Gerade am Anfang muss sich dein Körper erst an das neue Training gewöhnen – blaue Flecken sind da durchaus normal. So kannst du sie größtenteils verhindern:

  • Starte mit kurzen Einheiten und steigere die Dauer und Intensität langsam.
  • Lasse den Reifen sanft auf den Körper treffen und achte auf gleichmäßige, kontrollierte Bewegungen.
  • Mache regelmäßig Pausen, damit sich die Haut erholen kann.

Trotz allem lassen sich blaue Flecken nicht immer vermeiden – jeder Körper reagiert anders. Wenn du Schmerzen hast: Pausiere, solange der Druck auf die blauen Flecken weh tut. Nach 3–5 Tagen kannst du vorsichtig wieder starten – zuerst nur 5 Minuten. Sollten die Schmerzen noch da sein, warte länger oder frage gegebenenfalls deinen Arzt oder deine Ärztin.

Kurzer Überblick:

  • Leichte Blutergüsse: 2-3 Tage Pause empfehlenswert
  • Stärkere Blutergüsse oder Schmerzen: etwa 1 Woche Pause einlegen
  • Wiedereinstieg: sanft, mit leichterem Reifen (max. 1–1,2 kg)
  • Kleidung: dickerer Stoff (z. B. Sportleggings + Shirt)
  • Trainingsdauer: kurz halten (5–10 Minuten)

Heilung unterstützen:

  • Direkt nach dem Training die betroffenen Stellen kühlen (z. B. Eisbeutel in ein Tuch wickeln)
  • Arnika kann die Heilung fördern
  • Bei der Pflege kannst du die blauen Flecken sanft massieren, aber keinen direkten Druck ausüben
  • Geduld haben: In der Regel verschwinden blaue Flecken innerhalb von ein bis zwei Wochen von selbst. Sollten sehr starke Schmerzen oder große Blutergüsse auftreten, bitte einen Arzt oder eine Ärztin aufsuchen.

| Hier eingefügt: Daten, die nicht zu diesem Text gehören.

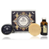 Este kit especializado en el cuidado facial masculino incluye un jabón de barba y rasurado; una cera para barba y bigote; y un frasco con aceite de argán.

Mit dem richtigen Reifen gewöhnt sich dein Körper aber schnell an das Training und schon bald wirst du merken, dass blaue Flecken kaum noch vorkommen.

 

Warum ist der Richtungswechsel so wichtig?

Wenn du immer nur in eine Richtung hullerst, trainierst du deine Muskulatur einseitig. Der Richtungswechsel sorgt dafür, dass beide Körperseiten gleichzeitig gefordert werden. Dadurch verbesserst du dein Gleichgewicht, stärkst deine Körperkontrolle und beugst Verspannungen oder Dysbalancen vor.

Auch dein Gehirn macht beim Richtungswechsel aktiv mit – du trainierst also Körper und Kopf gleichzeitig!

Kurz gesagt: Der Richtungswechsel macht dich stärker, beweglicher und sorgt für ein ausgeglichenes, effektives Training!